The family of Mr. Kleiman claims his business partner, Mr. Wright, asked for Kleiman’s help in 2008, in what would become that nine-page paper. The suit alleges that bitcoin was launched by the two of them together.

Bitcoin combined cryptography, encryption, distributed computing, and game theory. With bitcoin, any two people in the world—with an internet connection, of course—could make a transaction without a middleman in seconds. 

For every single one of the more than 650 million bitcoin transactions out there, which are all publicly visible on a ledger called the “blockchain,” there are two strings of numbers that can control how the digital currency is moved: through a public and private key. Anyone can send bitcoin to the public key, or the destination address, which can be compared to a bank account. Only the person who controls the account will have the private key, essentially owning the bitcoin.

In bitcoin’s earliest days, no one really cared much about who Satoshi Nakamoto was. Bitcoin had no tangible value and was backed by a small group of supporters. Nakamoto was extremely active in its development for about two years, emailing with developers and writing on several message boards. However, in December of 2010, Nakomoto disappeared. He or she was known to use two email addresses and have one registered website, but he immediately stopped posting publicly.

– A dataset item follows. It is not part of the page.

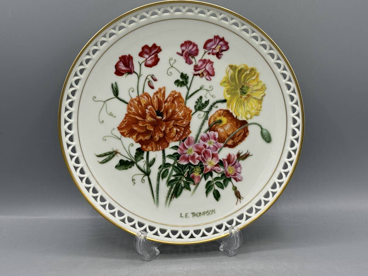 > レア 限定品 ビングオーグレンダール B&G 8月 透かし彫り 花 ピアス ガーデン 皿 デンマーク ロイヤルコペンハーゲン (#-15)

Those with the technical knowledge to create bitcoin are limited, and most of the prominent names in cryptography have been tagged as Nakamoto, yet no conclusive evidence has ever linked anyone to bitcoin’s creation.

Meanwhile, in 2011, Mr. Kleiman incorporated a Florida company called W&K Info Defense Research. His family alleges that this was a partnership between the two and that Mr. Wright later attempted to claim ownership. The defense says that there was never a partnership.

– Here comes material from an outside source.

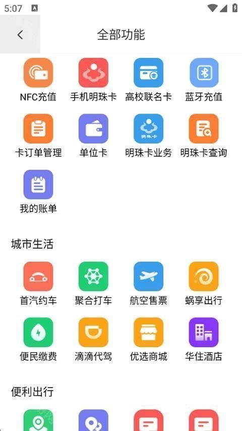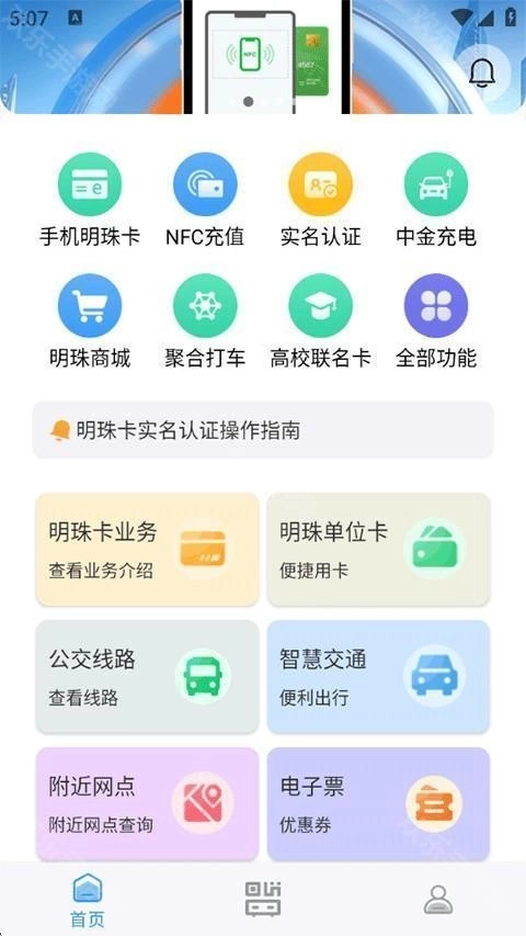 1、打开大连明珠卡应用,其首页整合了NFC、充电、商城、打车、手机明珠卡等丰富多样的生活服务功能。

Mr. Kleiman died on April 26, 2013.

The following year, Newsweek reported that an older man with the same last name as Satoshi, Dorian Nakamoto, was bitcoin’s creator. He denied the claim, and a one-sentence statement appeared on a message board from an account known to have been used by the real Nakamoto. The message read: “I am not Dorian Nakamoto.”

If this was a genuine message from bitcoin’s founder, it is his last public correspondence.

In May 2016, Mr. Wright claimed that he was in fact bitcoin’s founder. He gave exclusive interviews to three different media outlets, met with several bitcoin pioneers, and loaded a website with papers he had written about bitcoin and cryptography.

Days later, he dropped his claim. Everything was removed from the website and replaced with a four-paragraph apology. “I broke,” he wrote. “I do not have the courage. I cannot.” He has since renewed his insistence that he created bitcoin.

Whether Wright or Kleiman possess or possessed the knowledge to have created bitcoin, the identity of Satoshi Nakamoto continues to remain a mystery.

Mr. Wright “has been hacking, bamboozling and fooling people, playing the confidence game,” said Arthur van Pelt, a bitcoin investor who has emerged as one of Mr. Wright’s most vocal critics. “There is no genuine, independent, credible proof whatsoever.”

Mr. Kleiman’s computing expertise was known to be profound. It is possible that he created bitcoin, but there isn’t enough information to be sure. “It’s an open question,” said Emin Gun Sirer, founder of Ava Labs.